Halloween fantasies

I had an interesting dream last night, which given the season of the Witch I thought I’d share with you. It’s a dark, dank castle. Cobwebs everywhere, gloomy portraits with eyes which follow you, suits of armour that you’d swear moved occasionally – all the finest Haunted Castle clichés.

And as I walk through this cold, stone-lined building I see a light under one oaken door. Opening it I step into a huge hall. There in front of a roaring fire is home style guru Linda Barker, naked and bent over one of the bloody sofas she keeps trying to hock to us in drokking adverts right now while a huge, brick-red demon with a penis like a chainsaw is mercilessly sodomising her over her own sofa (with interest free credit). On the rug nearby is Lawrence Llewellyn-Bowen, also naked. His torso has been ripped open by the scissors Linda Barker uses in her other adverts – always cutting prices, snip, snip – and another demon is emptying his torso out and using his organs and his intestines for some rather original interior decoration and happily ignoring his cries of pain and protests that his liver colour clashes with the drapes.

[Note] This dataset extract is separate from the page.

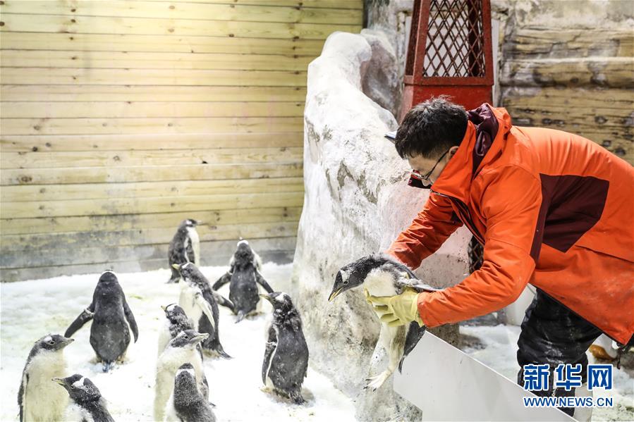 1月9日,驯养员准备给白眉企鹅宝宝喂食。 新华社记者 潘昱龙 摄

You think there is some truth in the idea that our dreams often are an outlet for our daytime annoyances?

Coming soon, the new Big Brother which is set in a Nazi SS Experiment Camp… Vote for which inmate gets subjected to a wacky experiment by a mad Nazi scientist each week.

Oh, I love my dreams…If this is being sick I don’t want to be cured. Just keep me away from sharp objects.